In the shared formal layer, this is the operational realization of the bounded forcing term $B_\lambda$:

$$ B_\lambda(x,t) \equiv \Phi(x,t)=\sum_i \lambda\,G_i(x)\,[r_i m_i(t)+w_i f_i(t)]\,\hat{u}_i(x) $$

Where:

• $G_i(x)$ is a bounded spatial kernel around probe $i$,
• $m_i(t)$ is read-memory (smoothed local measurement),
• $f_i(t)$ is write-feedback from observer state,
• $(r_i,w_i)$ are read/write gains,
• $\lambda$ is a global coupling scale.

This keeps strict forward causality: measurements and feedback at $t$ perturb only future updates.

Important scope note: the current implementation realizes observer coupling primarily as a forcing / steering term $B_\lambda$. It does not yet implement a full learned deformation of the head field $H$ itself. That distinction matters for keeping the present claim level honest.

Agency observables now computed in-code

The simulation now exports three forward-causal agency observables from ObserverCoupling.collect_step_stats(...):

• intervention_gain: normalized realized actuation strength, (\mathrm{clip}(\mathbb{E}[|\Phi|]/\Phi_{\max}, 0, 1)).
• counterfactual_control_score: write-channel share of present control effort, (\mathbb{E}[,|w_i f_i|/(|r_i m_i| + |w_i f_i| + \varepsilon),]).
• predictive_horizon: effective forward-looking persistence (in update steps), ((1-\mathrm{decay})^{-1} \cdot \mathbb{E}[\mathrm{temporal_frame_scale}]).

All three are computed from present-step measurements/state and characterize only future update influence (no retrocausal interpretation).

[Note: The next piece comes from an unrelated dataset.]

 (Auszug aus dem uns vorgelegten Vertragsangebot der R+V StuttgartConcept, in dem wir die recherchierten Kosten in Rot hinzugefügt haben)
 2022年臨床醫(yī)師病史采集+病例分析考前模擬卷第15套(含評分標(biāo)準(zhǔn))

Dashboard instrumentation now also tracks two causal traces for operator visibility:

• observer_coupling_drift: stepwise change in realized coupling magnitude, (|\mathbb{E}[|\Phi|]t - \mathbb{E}[|\Phi|]{t-1}|).
• frame_channel_asymmetry: integrated directional communication gap, (\sum_{\Delta\tau},|\mathcal{A}(\Delta\tau)|), where (\mathcal{A}(\Delta\tau)=C_{A\to B}(\Delta\tau)-C_{B\to A}(\Delta\tau)).

Claim tiers for the Agency + Temporal Communication buildout (2026-03)

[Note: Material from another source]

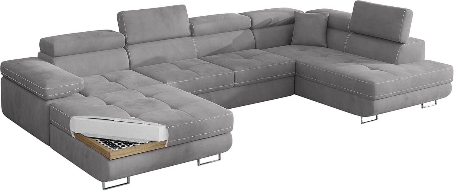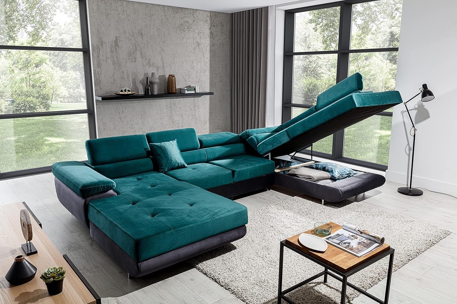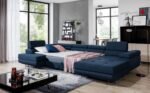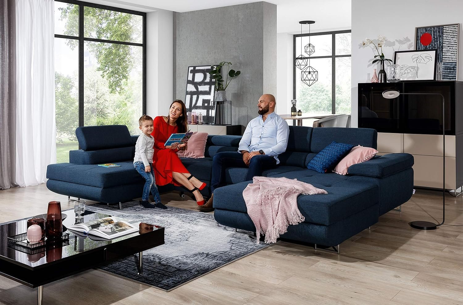 Dieses geräumige U-förmige Ecksofa bietet eine praktische Bettfunktion und verwandelt Ihr Wohnzimmer im Handumdrehen in einen gemütlichen Schlafbereich. -

Defensible (implemented + testable now)

• The observer-coupling term (\Phi(x,t)) is a forward-causal control input: present-step read/write signals influence only future state updates.
• intervention_gain, counterfactual_control_score, and predictive_horizon are computable operational observables (produced per step from present state/measurements).
• Directional frame communication metrics (C_{A\to B}(\Delta\tau)), (C_{B\to A}(\Delta\tau)), and asymmetry (\mathcal{A}(\Delta\tau)) are measurable diagnostics of communication imbalance under the modeled coupling.
• Null-vs-coupled comparison can falsify "no directional effect" claims: if asymmetry disappears under controls, the stronger coupling interpretation fails.

Speculative (explicitly non-evidentiary at present)

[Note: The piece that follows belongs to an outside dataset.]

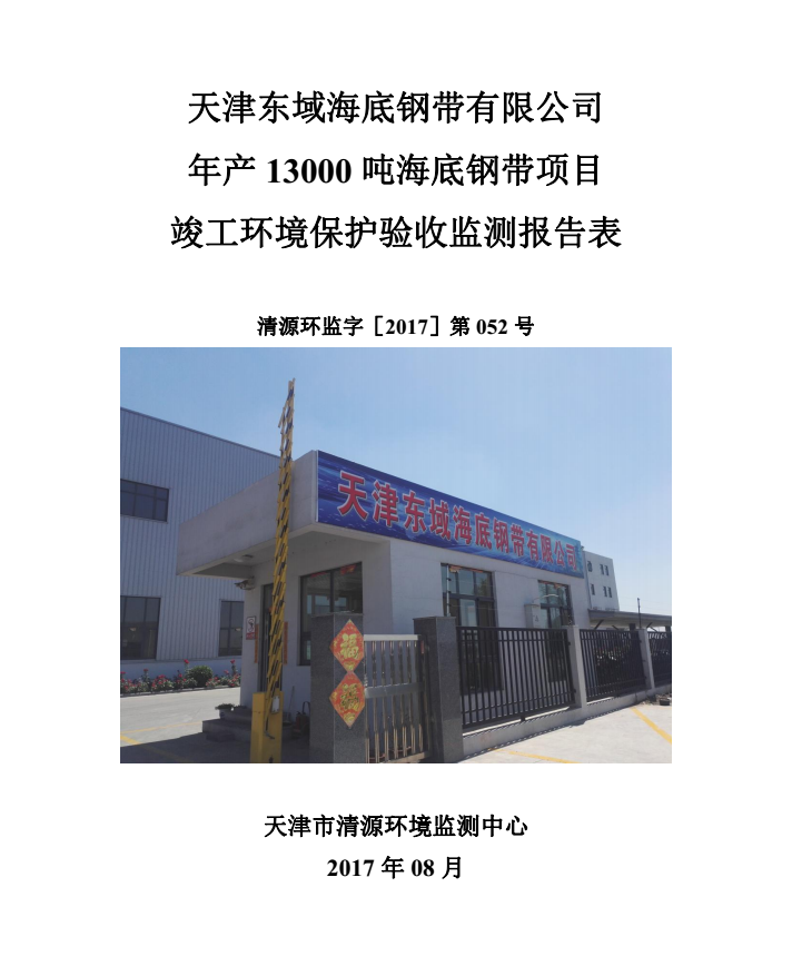 关于天津东域海底钢带有限公司年产13000吨海底钢带项目的公示

• Any claim that these observables imply consciousness, intent, or intrinsic agency beyond the defined operational metrics.
• Any metaphysical reading (including panpsychic or ontological interpretations) not anchored to reproducible measurement protocols.
• Any claim that frame asymmetry constitutes physical backward-time signaling.

Disallowed interpretation boundary

• No retrocausal claims: observed forecasting advantage is interpreted as forward-causal lead-time generated by structure + update dynamics, not influence from future states.